Die Bergwacht freut sich übers Fahrzeug: Julian Schäfer (von links), Bereitschaftsleiter Manuel Wilm, Marlon Freiberger, Landesschatzmeister Heinrich Nitz, Jonas Spill (stellvertretender Bereitschaftsleiter), die Sponsoren Ursula Schocke-Kaufmann und Fritz Kaufmann von der Matthias-Kaufmann-Stiftung und Hannes Schäfer. © Florian Hagemann

Die Bergwacht Kassel vom Deutschen Roten Kreuz rückt immer dann aus, wenn es schwer wird, mit dem normalen Rettungswagen bis zur Unglücksstelle durchzukommen. Jetzt gibt es ein neues Fahrzeug, das vor allem für das Gelände geeignet ist.

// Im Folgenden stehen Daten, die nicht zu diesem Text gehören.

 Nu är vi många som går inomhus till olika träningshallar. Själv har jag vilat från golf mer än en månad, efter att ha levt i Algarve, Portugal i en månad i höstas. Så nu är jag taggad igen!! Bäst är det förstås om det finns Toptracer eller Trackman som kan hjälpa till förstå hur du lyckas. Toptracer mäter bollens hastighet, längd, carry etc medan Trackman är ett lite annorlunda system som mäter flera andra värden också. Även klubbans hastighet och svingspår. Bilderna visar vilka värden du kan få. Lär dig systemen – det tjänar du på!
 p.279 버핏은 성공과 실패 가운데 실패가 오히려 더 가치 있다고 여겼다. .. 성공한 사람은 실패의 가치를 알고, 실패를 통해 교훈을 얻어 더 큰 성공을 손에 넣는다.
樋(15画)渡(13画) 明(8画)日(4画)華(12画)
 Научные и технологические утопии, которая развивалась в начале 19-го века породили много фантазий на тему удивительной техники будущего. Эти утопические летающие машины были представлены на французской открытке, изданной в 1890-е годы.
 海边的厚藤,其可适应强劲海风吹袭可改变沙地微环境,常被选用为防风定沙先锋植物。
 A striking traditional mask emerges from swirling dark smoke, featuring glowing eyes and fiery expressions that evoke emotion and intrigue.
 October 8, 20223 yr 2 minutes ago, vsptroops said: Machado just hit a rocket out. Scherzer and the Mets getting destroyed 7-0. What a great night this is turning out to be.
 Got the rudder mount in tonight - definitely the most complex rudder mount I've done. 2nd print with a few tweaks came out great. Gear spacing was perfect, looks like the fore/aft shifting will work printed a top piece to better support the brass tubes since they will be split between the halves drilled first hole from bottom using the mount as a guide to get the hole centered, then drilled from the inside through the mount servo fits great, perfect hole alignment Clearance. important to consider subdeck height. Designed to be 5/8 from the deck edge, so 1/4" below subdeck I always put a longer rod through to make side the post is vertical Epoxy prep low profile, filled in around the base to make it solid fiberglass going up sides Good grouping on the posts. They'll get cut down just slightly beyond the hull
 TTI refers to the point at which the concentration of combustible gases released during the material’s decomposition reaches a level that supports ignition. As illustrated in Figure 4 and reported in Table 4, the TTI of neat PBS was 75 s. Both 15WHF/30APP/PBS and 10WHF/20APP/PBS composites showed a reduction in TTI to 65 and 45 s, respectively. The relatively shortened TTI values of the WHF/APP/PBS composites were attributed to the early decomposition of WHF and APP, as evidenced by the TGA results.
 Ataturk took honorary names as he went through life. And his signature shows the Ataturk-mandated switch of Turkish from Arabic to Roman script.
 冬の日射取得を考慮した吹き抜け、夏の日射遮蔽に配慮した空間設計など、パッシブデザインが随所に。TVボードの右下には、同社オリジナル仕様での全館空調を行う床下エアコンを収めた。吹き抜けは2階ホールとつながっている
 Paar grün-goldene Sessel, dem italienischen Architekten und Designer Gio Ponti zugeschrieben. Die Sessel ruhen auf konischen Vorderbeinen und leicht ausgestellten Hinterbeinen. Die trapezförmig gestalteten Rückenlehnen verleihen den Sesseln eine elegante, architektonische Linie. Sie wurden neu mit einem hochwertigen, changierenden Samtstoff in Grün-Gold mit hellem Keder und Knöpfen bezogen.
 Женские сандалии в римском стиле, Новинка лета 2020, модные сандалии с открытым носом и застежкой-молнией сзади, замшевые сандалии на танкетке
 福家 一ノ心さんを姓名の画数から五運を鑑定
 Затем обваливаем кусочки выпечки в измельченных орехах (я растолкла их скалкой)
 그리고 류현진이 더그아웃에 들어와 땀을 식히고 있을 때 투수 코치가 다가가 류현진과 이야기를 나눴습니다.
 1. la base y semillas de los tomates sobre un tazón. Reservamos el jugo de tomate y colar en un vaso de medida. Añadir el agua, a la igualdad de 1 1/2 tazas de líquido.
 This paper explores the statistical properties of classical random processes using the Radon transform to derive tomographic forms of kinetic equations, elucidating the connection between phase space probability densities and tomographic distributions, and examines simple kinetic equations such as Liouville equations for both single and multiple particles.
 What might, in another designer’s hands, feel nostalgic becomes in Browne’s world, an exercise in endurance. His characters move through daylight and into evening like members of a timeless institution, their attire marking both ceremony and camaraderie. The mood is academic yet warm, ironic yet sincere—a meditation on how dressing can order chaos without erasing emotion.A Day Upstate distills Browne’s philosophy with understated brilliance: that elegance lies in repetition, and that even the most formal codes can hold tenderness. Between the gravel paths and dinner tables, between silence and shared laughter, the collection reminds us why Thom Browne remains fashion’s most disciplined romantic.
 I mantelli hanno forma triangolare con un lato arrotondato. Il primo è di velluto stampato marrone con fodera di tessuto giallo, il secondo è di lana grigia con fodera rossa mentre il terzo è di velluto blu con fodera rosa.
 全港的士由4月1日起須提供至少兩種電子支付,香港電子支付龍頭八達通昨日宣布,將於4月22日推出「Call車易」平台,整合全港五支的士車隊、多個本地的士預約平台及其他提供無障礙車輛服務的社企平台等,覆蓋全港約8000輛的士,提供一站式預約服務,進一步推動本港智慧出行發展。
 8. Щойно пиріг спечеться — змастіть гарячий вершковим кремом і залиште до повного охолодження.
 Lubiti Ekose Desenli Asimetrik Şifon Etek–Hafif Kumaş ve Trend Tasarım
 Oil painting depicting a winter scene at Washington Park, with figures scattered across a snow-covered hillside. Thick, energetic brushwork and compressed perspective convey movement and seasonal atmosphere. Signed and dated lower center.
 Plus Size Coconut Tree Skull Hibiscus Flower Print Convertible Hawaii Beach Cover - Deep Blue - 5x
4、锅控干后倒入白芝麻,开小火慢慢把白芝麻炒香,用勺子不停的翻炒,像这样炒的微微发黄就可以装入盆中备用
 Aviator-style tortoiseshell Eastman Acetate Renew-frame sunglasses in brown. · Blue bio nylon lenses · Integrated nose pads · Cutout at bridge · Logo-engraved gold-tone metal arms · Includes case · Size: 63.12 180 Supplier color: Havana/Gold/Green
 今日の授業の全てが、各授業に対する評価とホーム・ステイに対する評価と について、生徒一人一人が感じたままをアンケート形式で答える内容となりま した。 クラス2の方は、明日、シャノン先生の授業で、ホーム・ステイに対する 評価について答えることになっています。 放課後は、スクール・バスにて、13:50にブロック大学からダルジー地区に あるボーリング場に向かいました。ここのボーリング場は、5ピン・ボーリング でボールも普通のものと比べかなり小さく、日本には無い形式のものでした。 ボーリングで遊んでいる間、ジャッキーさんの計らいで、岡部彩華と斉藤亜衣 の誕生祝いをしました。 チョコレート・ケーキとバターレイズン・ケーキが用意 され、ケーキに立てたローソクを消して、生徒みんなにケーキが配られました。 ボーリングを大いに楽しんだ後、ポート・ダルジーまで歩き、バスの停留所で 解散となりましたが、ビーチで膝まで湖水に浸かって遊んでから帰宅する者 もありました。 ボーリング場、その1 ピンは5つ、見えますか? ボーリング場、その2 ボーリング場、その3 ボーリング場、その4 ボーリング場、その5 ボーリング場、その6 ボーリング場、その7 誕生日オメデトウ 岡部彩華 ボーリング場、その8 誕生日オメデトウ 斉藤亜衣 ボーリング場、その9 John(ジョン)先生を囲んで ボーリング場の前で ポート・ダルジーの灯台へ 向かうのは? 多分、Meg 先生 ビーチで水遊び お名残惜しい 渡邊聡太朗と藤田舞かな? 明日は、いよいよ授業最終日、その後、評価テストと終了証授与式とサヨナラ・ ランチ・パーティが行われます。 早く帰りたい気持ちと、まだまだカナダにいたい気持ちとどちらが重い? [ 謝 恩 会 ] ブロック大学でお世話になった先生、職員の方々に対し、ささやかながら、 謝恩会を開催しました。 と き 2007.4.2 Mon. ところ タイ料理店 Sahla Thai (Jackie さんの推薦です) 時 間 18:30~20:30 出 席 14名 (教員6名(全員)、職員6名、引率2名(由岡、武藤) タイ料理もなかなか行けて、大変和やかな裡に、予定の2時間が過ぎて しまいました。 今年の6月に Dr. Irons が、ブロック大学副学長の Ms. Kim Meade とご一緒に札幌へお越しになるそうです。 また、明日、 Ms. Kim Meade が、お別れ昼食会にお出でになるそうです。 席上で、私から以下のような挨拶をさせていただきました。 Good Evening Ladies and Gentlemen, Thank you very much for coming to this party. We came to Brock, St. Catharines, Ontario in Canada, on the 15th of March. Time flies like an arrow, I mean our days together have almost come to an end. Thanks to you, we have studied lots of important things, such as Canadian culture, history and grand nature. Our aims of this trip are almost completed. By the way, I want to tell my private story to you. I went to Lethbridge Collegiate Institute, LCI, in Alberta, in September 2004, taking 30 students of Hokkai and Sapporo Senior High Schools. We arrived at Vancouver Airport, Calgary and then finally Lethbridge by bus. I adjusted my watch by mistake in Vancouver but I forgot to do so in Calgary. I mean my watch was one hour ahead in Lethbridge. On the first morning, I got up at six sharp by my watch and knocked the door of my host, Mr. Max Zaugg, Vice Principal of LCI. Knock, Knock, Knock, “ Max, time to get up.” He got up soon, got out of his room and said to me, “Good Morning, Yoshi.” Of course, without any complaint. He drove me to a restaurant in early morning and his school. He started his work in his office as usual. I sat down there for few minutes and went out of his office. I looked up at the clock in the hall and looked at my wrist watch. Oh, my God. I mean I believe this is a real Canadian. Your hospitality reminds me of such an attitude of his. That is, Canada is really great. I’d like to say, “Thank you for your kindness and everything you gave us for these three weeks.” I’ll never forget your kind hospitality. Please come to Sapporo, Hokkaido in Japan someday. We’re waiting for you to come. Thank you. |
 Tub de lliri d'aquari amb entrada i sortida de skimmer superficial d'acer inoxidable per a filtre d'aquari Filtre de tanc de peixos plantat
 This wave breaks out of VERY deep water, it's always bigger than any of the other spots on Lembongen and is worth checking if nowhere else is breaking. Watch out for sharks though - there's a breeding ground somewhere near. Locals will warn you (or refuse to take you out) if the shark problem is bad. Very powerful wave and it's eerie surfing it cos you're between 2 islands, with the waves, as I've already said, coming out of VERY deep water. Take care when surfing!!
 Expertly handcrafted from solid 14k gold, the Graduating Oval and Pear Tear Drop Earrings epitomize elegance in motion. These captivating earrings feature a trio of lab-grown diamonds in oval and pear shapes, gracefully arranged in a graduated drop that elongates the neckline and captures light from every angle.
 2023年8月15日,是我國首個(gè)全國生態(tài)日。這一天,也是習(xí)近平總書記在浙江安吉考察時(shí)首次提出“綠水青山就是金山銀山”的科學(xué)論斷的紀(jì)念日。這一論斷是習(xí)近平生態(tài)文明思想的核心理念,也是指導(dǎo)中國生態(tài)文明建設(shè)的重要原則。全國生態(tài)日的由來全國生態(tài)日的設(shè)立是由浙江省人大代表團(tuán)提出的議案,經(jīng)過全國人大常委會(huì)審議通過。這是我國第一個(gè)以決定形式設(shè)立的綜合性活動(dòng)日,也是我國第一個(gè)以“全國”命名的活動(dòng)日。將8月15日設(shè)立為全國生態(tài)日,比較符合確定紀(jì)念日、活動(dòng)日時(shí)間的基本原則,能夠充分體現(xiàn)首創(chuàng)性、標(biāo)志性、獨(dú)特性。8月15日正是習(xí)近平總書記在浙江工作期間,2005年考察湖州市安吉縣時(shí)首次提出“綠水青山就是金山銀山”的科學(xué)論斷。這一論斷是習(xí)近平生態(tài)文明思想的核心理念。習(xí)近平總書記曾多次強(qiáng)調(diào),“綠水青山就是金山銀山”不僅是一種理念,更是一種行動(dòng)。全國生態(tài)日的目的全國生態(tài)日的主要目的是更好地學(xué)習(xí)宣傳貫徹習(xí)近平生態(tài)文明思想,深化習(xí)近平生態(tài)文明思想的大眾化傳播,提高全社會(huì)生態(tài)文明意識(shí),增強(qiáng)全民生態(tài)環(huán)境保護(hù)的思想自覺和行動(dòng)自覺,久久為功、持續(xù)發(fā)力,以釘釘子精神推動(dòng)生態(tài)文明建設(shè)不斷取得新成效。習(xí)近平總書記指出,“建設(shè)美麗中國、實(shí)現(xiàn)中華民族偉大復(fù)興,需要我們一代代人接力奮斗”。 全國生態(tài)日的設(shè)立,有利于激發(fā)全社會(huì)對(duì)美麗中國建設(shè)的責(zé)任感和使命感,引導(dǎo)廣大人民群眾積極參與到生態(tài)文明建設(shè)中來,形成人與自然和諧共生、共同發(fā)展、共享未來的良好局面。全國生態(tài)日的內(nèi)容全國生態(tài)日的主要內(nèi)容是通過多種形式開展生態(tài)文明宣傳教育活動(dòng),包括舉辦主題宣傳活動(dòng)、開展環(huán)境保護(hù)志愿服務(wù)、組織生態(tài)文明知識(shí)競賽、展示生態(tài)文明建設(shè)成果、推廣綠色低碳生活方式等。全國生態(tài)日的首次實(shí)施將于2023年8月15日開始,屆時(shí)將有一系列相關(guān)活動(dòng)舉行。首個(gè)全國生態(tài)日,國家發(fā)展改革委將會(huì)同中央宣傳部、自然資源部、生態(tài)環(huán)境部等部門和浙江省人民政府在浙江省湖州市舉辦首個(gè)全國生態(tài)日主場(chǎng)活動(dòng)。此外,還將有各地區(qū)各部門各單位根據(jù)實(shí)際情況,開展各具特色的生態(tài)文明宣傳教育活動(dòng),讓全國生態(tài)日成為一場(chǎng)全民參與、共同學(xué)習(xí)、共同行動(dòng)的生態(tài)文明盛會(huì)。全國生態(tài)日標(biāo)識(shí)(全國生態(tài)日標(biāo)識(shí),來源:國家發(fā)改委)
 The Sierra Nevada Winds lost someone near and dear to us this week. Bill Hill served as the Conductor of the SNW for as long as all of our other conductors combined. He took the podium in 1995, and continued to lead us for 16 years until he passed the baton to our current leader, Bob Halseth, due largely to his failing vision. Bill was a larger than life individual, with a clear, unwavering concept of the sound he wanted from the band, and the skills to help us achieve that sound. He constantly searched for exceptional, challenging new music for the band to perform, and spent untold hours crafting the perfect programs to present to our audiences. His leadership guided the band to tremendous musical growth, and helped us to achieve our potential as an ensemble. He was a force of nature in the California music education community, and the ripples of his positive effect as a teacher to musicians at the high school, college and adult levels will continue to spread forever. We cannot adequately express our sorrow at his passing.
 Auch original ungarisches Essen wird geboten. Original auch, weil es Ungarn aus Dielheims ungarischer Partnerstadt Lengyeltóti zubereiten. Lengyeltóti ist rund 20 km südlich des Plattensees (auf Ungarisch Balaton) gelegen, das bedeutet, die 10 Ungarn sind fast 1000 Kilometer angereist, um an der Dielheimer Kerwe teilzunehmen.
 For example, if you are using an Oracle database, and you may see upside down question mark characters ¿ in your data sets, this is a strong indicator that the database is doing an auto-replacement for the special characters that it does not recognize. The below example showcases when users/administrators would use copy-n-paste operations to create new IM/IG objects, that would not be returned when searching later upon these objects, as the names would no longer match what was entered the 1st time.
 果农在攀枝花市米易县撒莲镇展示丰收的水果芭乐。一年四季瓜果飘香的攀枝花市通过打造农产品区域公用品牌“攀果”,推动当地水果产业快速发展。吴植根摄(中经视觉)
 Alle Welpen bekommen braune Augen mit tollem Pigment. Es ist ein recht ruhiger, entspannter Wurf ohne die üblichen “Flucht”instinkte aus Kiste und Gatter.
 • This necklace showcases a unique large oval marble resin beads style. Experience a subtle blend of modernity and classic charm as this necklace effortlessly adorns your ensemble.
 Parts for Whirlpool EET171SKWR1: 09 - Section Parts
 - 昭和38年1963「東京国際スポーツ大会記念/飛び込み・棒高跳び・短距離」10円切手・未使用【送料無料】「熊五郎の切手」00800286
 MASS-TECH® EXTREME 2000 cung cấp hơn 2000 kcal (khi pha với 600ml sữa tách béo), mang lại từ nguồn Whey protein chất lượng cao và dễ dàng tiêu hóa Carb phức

Kassel - Die Bergwacht Kassel vom Deutschen Roten Kreuz gibt es seit fünf Jahren. Jetzt hat die Einheit, zu der 40 Ehrenamtliche zählen, ein eigenes Fahrzeug, um Menschen im Gelände zu retten. Das Fahrzeug nennt sich offiziell Gerätewagen Bergrettung und war ursprünglich für die Bundeswehr im Einsatz. Für 40 000 Euro erwarb das Deutsche Rote Kreuz den VW und baute ihn entsprechend um. Wir stellen den sechs Jahre alten Wagen mit 140 PS anhand der einzelnen Punkte auf den Fotos vor.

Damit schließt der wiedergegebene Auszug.